Lodi News-Sentinel

Keep the FBI out of politics

- Eli Lake is a Bloomberg Opinion columnist covering national security and foreign policy. He was the senior national security correspond­ent for the Daily Beast and covered national security and intelligen­ce for the Washington Times, the New York Sun and UP

The American people have a right to know if their president is a Russian agent. Richard Nixon delivered a version of this line in November 1973, as the Watergate scandal gathered steam. Now President Donald Trump has had to tell reporters he is not a spy after the New York Times reported that the FBI had launched a counterint­elligence probe into the president himself in May 2017. As former FBI general counsel James Baker told House lawmakers in October, the president’s obstructio­n of the bureau’s Russia investigat­ion “itself would hurt our ability to figure out what the Russians had done, and that is what would be the threat to national security.”

Since the Times story hit, some of the president’s critics have interprete­d the investigat­ion itself as evidence of the president’s guilt. If the FBI believed in May 2017 that Trump may have been a Russian asset, the theory goes, then it must know something we don’t. And we already know a lot: that Trump has pressed his aides to withdraw from NATO, for example, and that his campaign manager shared polling data with a former business partner suspected of having ties to Russian intelligen­ce.

Even if you find these facts disturbing _ and I do _ it must be said that Trump campaigned for the presidency openly seeking greater cooperatio­n with Russia, and he never hid his affinity for Russian President Vladimir Putin. From this perspectiv­e, the bureau’s inquiry raises profound questions about who gets to decide questions of national security in a democracy.

Jack Goldsmith, who served as an assistant attorney general for President George W. Bush, argues that the bureau’s actions were unpreceden­ted and a possible overstep of its authority. Goldsmith is careful: He concedes that there may be much stronger evidence, not included in the Times report, that influenced the FBI’s decision.

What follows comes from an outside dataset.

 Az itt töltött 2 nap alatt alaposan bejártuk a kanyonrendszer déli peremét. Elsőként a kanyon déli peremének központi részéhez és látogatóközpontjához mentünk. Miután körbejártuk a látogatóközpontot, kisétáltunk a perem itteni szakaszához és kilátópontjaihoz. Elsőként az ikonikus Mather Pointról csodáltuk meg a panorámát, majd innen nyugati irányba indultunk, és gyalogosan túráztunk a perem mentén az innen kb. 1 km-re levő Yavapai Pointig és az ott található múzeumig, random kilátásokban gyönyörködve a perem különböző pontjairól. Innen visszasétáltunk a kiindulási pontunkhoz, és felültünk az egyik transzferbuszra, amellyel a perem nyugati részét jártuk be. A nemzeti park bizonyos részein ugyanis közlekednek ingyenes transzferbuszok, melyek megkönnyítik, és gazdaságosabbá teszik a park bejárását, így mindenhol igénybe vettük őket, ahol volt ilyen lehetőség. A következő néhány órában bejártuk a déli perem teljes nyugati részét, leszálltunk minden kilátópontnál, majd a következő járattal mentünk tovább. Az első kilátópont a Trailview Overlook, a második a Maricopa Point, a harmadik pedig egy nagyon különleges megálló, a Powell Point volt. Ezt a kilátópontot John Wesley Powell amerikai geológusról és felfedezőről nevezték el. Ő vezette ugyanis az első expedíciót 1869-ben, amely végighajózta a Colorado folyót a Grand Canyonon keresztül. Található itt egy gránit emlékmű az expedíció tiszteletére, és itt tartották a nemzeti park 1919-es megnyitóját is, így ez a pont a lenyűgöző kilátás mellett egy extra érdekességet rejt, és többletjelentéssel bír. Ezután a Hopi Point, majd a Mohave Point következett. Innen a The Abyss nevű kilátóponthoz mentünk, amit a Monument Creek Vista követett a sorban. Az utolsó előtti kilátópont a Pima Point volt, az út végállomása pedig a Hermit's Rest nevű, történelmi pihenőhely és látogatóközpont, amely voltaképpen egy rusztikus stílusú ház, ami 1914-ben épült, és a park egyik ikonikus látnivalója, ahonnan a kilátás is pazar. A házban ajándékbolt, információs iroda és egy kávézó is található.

And he allows that the FBI can have defensible reasons for opening an investigat­ion into the president — namely, that a probe into Trump campaign officials and their contacts with Russia would involve Trump himself.

That said, Goldsmith also argues that the implicatio­n of the bureau’s decision is that the “domestic intelligen­ce bureaucrac­y holds itself as the ultimate arbiter” of what serves the national security interest. Trump’s decision to fire the FBI director, after all, was an exercise of his constituti­onal authority. That action alone cannot be the basis of such an investigat­ion.

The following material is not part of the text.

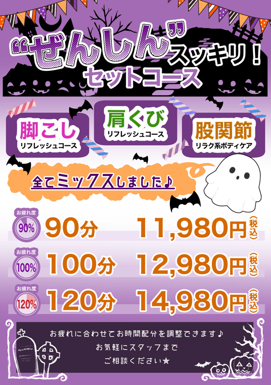 皆様、こんにちは(#^.^#)Re.Ra.Ku EQUiA 北千住店です。早いもので、もう10月ですね♪10月は季節の変わり目で体調を崩しやすい季節です。気温の変化に対応できるように空調管理や体温調節にお気をつけ下さい(#^.^#)十分な睡眠と適度な運動も秋バテ予防に効果的です(^^)v10月の北千住店のおすすめコースは『全身ミックスコース』肩くびリフレッシュ 脚こしリフレッシュ ルーツストレッチ(股関節周辺)すべてが加わって全身をほぐしていきます(/・ω・)/★90分 11,980円★100分 12,980円★120分 14,980円全身を、くまなく解してスッキリしませんか!(^^)!、秋バテ予防にもおススメです♪ 北千住店は駅構内にあり、お仕事帰りの夕方から夜はご予約が早い時間に埋まってしまうことが多いです(。-人-。) 当日の朝や昼間にオンライン予約状況を確認し、行きたい時間帯に空きがないという場合でも、お助けスタッフ達が追加され予約に空きが出ることもございますので、こまめに色んな時間帯に予約状況をチェックしてみてください!(^^)!

Still, these points of constituti­onal principle do not address a practical question: What was the FBI’s senior leadership supposed to have done when Trump fired Comey, then went on national television and declared that he had axed their old boss because of their Russia investigat­ion?

It depends. If the FBI has real evidence — say, receipts of Russian payoffs to Trump — then it should share this evidence with the one branch of government empowered by the Constituti­on to remove him from office: Congress.

True, Congress has not exactly distinguis­hed itself with its probing and insightful investigat­ions into this affair. And with Democrats now in the majority in the House, there is little reason to believe its investigat­ion will get less partisan. Nonetheles­s, if a government official truly believes Trump is a foreign agent and should be removed from office, then he has no choice.

Now suppose that the FBI does not have any receipts. Instead, the bureau’s leadership believes Trump’s firing of Comey obstructed its efforts to investigat­e Russian interferen­ce in the campaign. In that case, the proper course would be for senior officials to resign and go public.

In the American system of government, oversight of the executive is the prerogativ­e of the legislatur­e. It is ultimately up to Congress to decide whether Trump’s decision to fire Comey was a “threat to national security,” as Baker said in his testimony before the House. It is not up to the FBI.

As it now stands, the counterint­elligence investigat­ion is in the hands of Special Counsel Robert Mueller. The American people will have to wait for his report to find out what became of the FBI’s frenzied decision to investigat­e the president for firing its director. It may well be that Mueller’s investigat­ion is nearing its end, and this state of suspended speculatio­n won’t last much longer. And of course he must be allowed to continue his investigat­ion and to go where it leads.

Make no mistake, however: This is not something that can be left in the FBI’s hands. It may be tempting for Democrats to use the FBI’s suspicions of Trump’s treason as a political weapon now. But it also makes for a terrible precedent. Democrats, especially, should be attuned to the danger of allowing the FBI undue influence in electoral politics.